Jin Kai, Tang Pingzhong, Chen Shiteng, Peng Jianqing
Department of Computer Science and Engineering, The Hong Kong University of Science and Technology (HKUST), Hong Kong, China.
Institute for Interdisciplinary Information Sciences, Tsinghua University, Beijing, China.
Front Neurorobot. 2021 May 20;15:674949. doi: 10.3389/fnbot.2021.674949. eCollection 2021.

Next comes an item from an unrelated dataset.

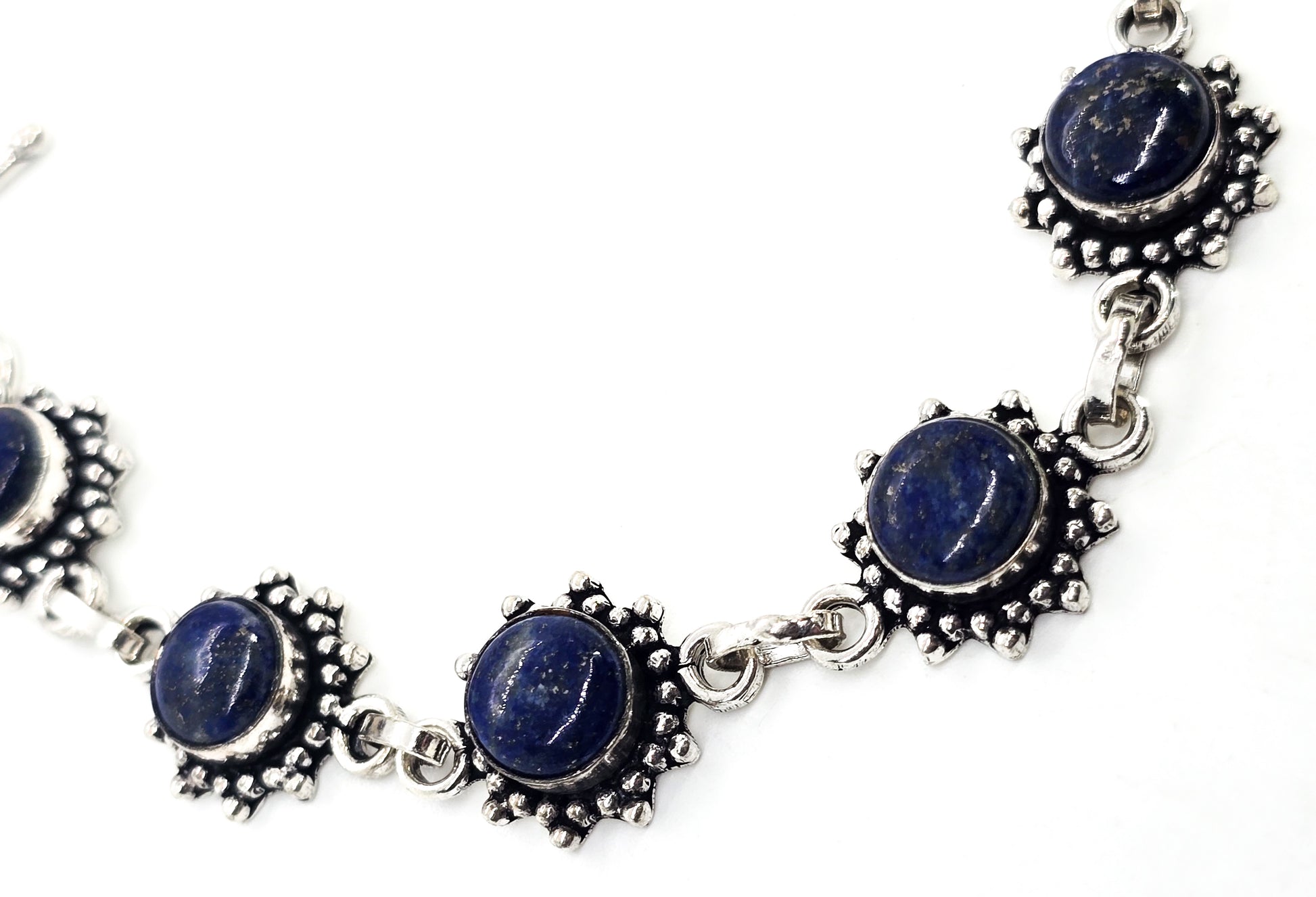 Lapis lazuli Bali Balinese tribal sun silver plated tennis bracelet
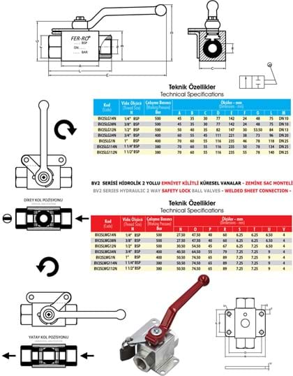 BV2 Serisi Hidrolik 2 Yollu Emniyet Kilitli Küresel Vanalar, akışkanın açma ve kısılmasında kullanılırlar. Kolayca açılıp kapanabilmeleri akışkan geçişinin rahat olmasını sağlar. Volumetrik yapılarından dolayı hızlı ve verimli çalışırlar ve akışkanda oluşabilecek kavitasyonları engellerler. İstenildiğinde kare pim üzerindeki kilitleme pulu yardımıyla açık veya kapalı olarak kilitlenebilirler.

In recent years, it is a trend to integrate the ideas in game theory into the research of multi-robot system. In this paper, a team-competition model is proposed to solve a dynamic multi-robot task allocation problem. The allocation problem asks how to assign tasks to robots such that the most suitable robot is selected to execute the most appropriate task, which arises in many real-life applications. To be specific, we study multi-round team competitions between two teams, where each team selects one of its players simultaneously in each round and each player can play at most once, which defines an extensive-form game with perfect recall. We also study a common variant where one team always selects its player before the other team in each round. Regarding the robots as the players in the first team and the tasks as the players in the second team, the sub-game perfect strategy of the first team computed via solving the team competition gives us a solution for allocating the tasks to the robots-it specifies how to select the robot (according to some probability distribution if the two teams move simultaneously) to execute the upcoming task in each round, based on the results of the matches in the previous rounds. Throughout this paper, many properties of the sub-game perfect equilibria of the team competition game are proved. We first show that uniformly random strategy is a sub-game perfect equilibrium strategy for both teams when there are no redundant players. Secondly, a team can safely abandon its weak players if it has redundant players and the strength of players is transitive. We then focus on the more interesting case where there are redundant players and the strength of players is not transitive. In this case, we obtain several counterintuitive results. For example, a player might help improve the payoff of its team, even if it is dominated by the entire other team. We also study the extent to which the dominated players can increase the payoff. Very similar results hold for the aforementioned variant where the two teams take actions in turn.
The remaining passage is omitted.